▸ Directions for this task:
Once you find the line with "This fabulous bicycle" in the data below, transcribe exactly each line from there to the line with "2025臺灣科普列車環島期間", inclusive, and nothing else. Drop the pictures.
[Opening Data under study section]
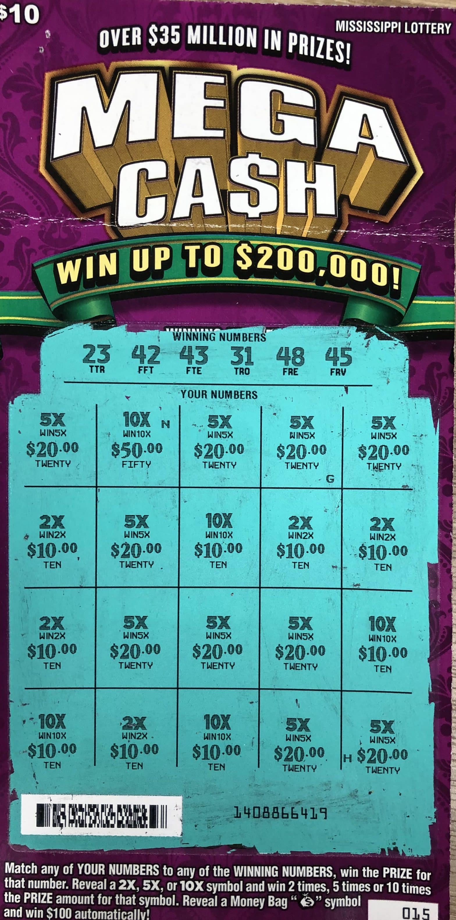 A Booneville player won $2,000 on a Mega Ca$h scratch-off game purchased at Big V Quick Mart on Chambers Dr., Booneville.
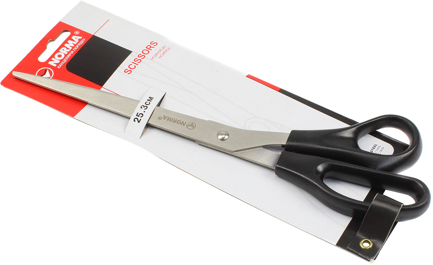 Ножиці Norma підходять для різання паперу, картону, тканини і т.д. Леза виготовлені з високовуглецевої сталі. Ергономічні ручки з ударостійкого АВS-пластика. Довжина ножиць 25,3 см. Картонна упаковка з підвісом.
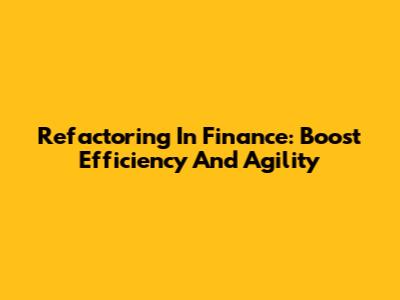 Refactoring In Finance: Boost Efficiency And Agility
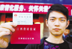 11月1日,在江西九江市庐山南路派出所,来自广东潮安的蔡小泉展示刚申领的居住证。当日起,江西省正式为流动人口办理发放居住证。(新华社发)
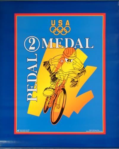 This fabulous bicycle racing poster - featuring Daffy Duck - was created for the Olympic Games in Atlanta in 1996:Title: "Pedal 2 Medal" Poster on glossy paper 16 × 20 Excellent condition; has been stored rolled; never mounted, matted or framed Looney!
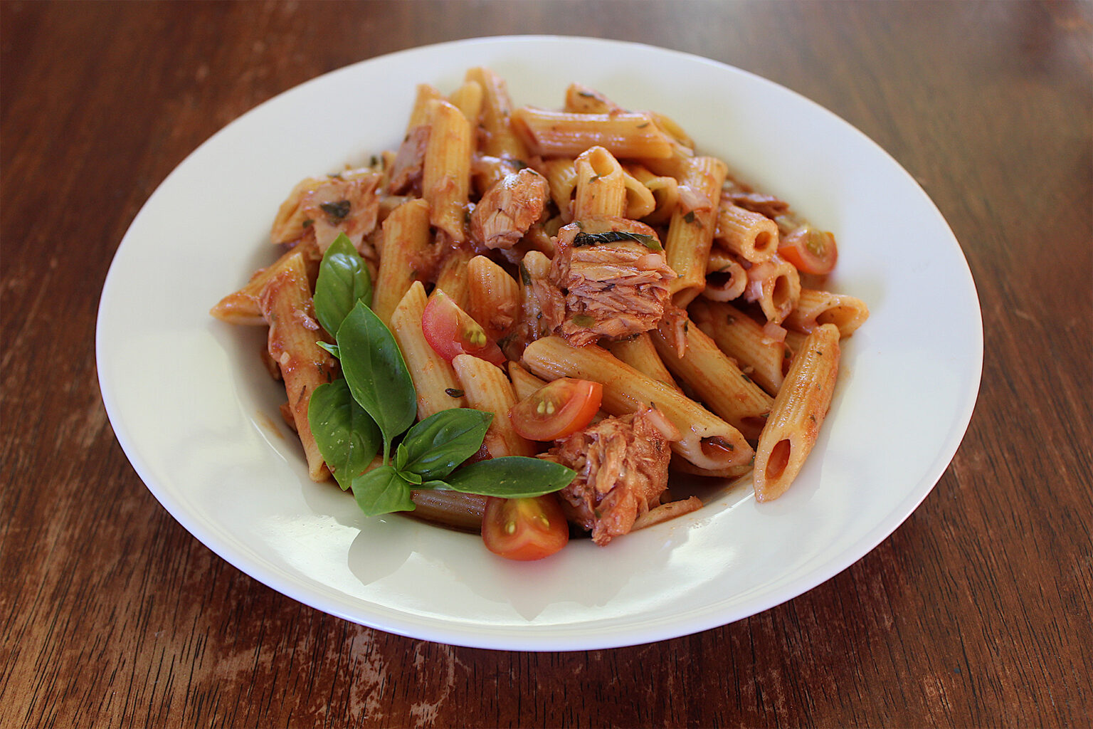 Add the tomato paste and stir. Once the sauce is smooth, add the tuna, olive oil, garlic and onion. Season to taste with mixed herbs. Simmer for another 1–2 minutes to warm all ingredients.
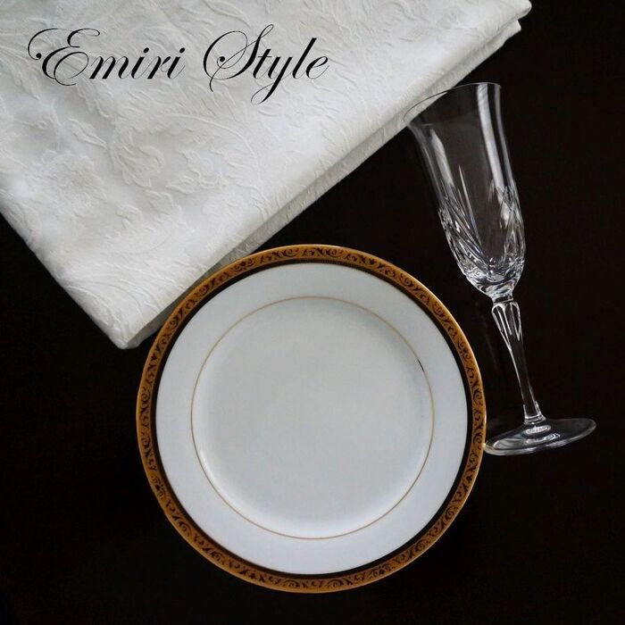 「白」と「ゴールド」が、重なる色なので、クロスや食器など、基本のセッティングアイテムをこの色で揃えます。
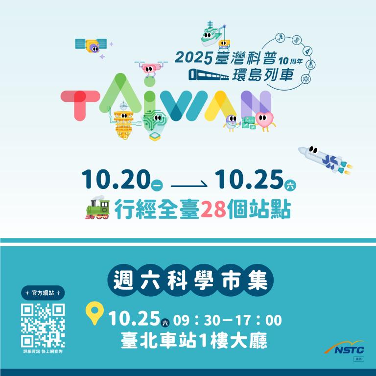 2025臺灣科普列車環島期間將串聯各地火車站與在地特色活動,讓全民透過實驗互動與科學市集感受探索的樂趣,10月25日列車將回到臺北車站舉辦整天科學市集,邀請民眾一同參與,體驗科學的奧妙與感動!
[Closing Data under study section]
[Opening Data under study section]
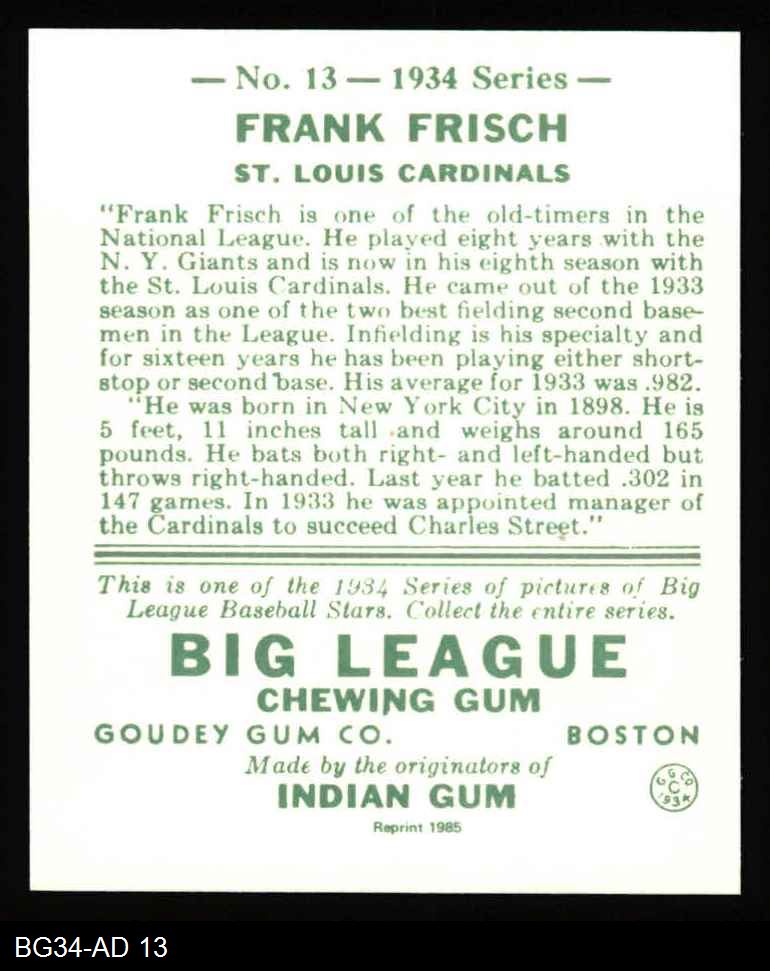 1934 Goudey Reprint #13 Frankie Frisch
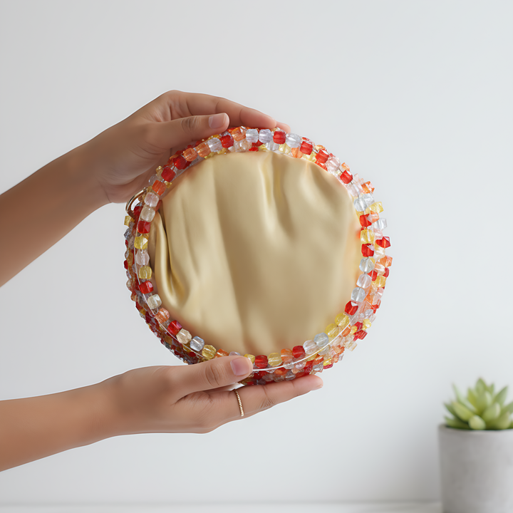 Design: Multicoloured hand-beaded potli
[Closing Data under study section]
[Opening Data under study section]
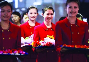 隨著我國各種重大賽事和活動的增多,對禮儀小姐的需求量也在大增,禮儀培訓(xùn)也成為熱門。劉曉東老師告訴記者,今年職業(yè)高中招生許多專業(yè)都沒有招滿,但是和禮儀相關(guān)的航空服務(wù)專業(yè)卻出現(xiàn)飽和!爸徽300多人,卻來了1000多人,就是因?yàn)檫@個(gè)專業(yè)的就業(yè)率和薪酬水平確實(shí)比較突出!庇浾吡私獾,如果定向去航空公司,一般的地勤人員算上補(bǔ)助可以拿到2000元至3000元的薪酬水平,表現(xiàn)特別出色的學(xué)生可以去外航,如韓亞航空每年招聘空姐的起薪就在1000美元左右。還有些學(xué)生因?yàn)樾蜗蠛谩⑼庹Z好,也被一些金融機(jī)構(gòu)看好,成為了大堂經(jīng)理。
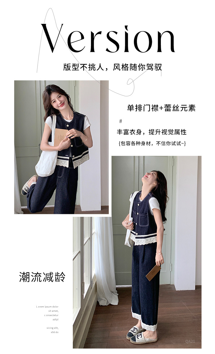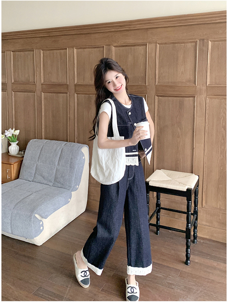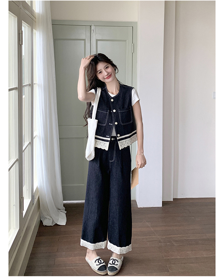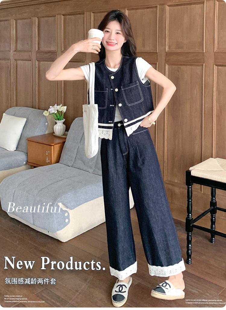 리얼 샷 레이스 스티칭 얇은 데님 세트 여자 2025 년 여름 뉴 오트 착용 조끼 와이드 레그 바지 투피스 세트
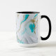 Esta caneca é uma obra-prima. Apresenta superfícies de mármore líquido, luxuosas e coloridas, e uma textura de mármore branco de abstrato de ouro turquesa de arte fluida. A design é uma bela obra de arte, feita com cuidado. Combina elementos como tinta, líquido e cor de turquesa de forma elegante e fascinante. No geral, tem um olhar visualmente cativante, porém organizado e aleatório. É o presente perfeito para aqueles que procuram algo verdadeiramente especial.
[Closing Data under study section]
▸ Task answer:
 This fabulous bicycle racing poster - featuring Daffy Duck - was created for the Olympic Games in Atlanta in 1996:Title: "Pedal 2 Medal" Poster on glossy paper 16 × 20 Excellent condition; has been stored rolled; never mounted, matted or framed Looney!
 Add the tomato paste and stir. Once the sauce is smooth, add the tuna, olive oil, garlic and onion. Season to taste with mixed herbs. Simmer for another 1–2 minutes to warm all ingredients.
 「白」と「ゴールド」が、重なる色なので、クロスや食器など、基本のセッティングアイテムをこの色で揃えます。
 2025臺灣科普列車環島期間將串聯各地火車站與在地特色活動,讓全民透過實驗互動與科學市集感受探索的樂趣,10月25日列車將回到臺北車站舉辦整天科學市集,邀請民眾一同參與,體驗科學的奧妙與感動!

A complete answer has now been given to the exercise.